Sex play informs Jeremy O. Harris’ Slave Play, a sensation when it opened prior to the pandemic, and now re-opened on Broadway at the August Wilson Theater. The fuss is understandable: The riveting drama opens with three interracial couples enacting slave-master fantasies in period dress. What follows is contemporary group therapy as each couple is scrutinized, and evaluated by a team of analysts. In Harris’ drama, fitting in our moment of reckoning, text and subtext all come down to Race. As the slave-master scenario is so archetypical, you wonder, shouldn’t all sex deserve this clinical touch? “A Note on Your Discomfort” by writer Norman Parker in the Playbill is explicit: “Slave Play is a study in American memory: the psychologies of the prized and of the oppressed; the grateful and the entitled: who’s top, who’s bottom; who speaks, who can’t, and who betta listen.”
Not since Leroi Jones’ Dutchman, a pivotal midcentury work –as the poet, in response to his shifting politics, took on the name and identity Amiri Baraka, –has race/ sex been so examined, so in your face.

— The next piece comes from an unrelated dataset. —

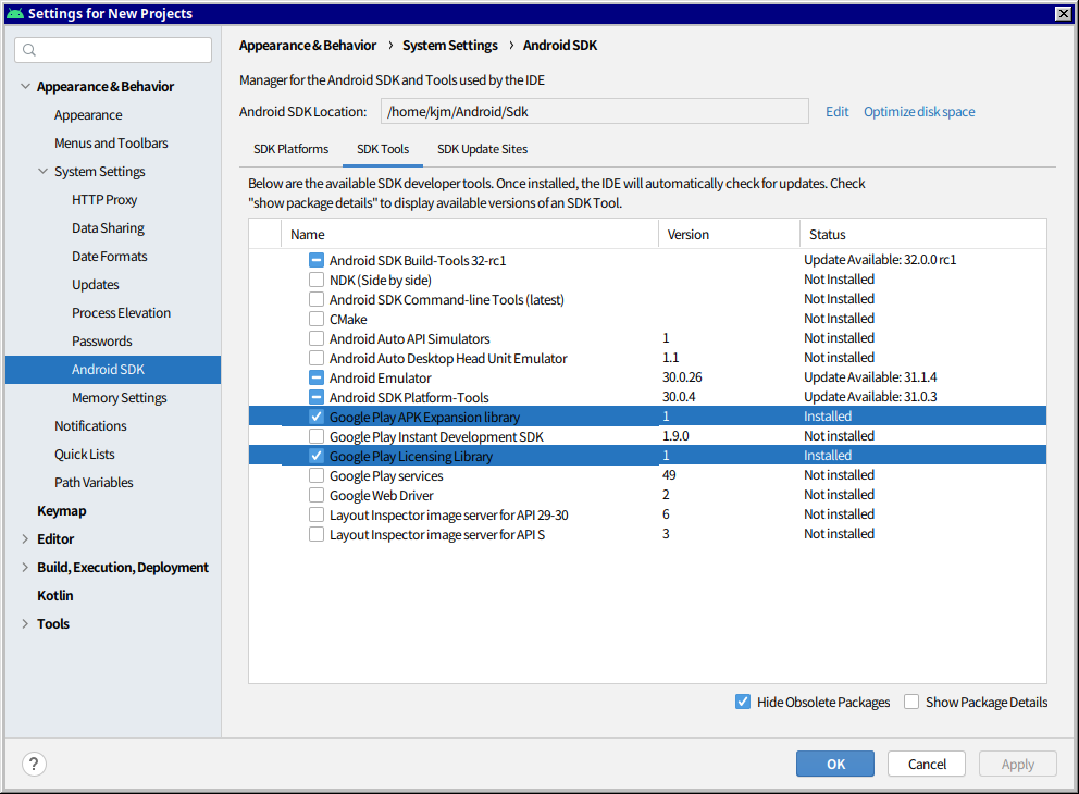 SDK Platforms 탭에선 23버전 (Android 6.0)을 설치하고 그리고 제일 중요한 SDK Tools 탭에서 Google Play APK Expansion library 와 Google Play licensing Library 두가지를 체크한뒤에 Apply를 누르자.

Using language that was sure to offend everyone, Jones set up this conceit: an apple-wielding blond sidles up to a polite and preppie Black man on a subway, and in front of a carful of passengers eviscerates him. Harris has said he was much influenced by Baraka, but in Slave Play, the mythic transcendence is replaced by the tropes of our troubled ethos: even in times of brutal, violent life-threatening predicaments, victims want only to be heard.

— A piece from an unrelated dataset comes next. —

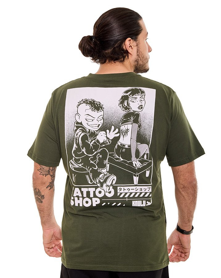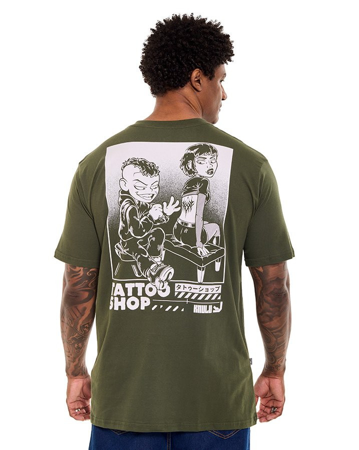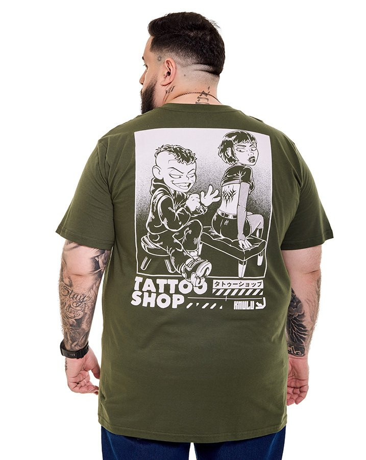 A Camiseta Classic Tattoo Shop Verde Knulu traduz atitude e originalidade com uma estampa em silk que remete ao universo das tatuagens clássicas. Com visual expressivo e arte em destaque no peito, a peça carrega identidade própria sem perder a versatilidade do dia a dia.

A friend opined that Slave Play is merely pornographic, defined as sex displayed gratuitously. It would be hard to argue otherwise, with Slave Play’s final moments enacted on a bed fully mirrored for the audience’s delectation. Kaneisha (Antoinette Crowe-Legacy) and a naked Jim (Paul Alexander Nolan) on top. Maybe the question depends on how his tight ass grabs you.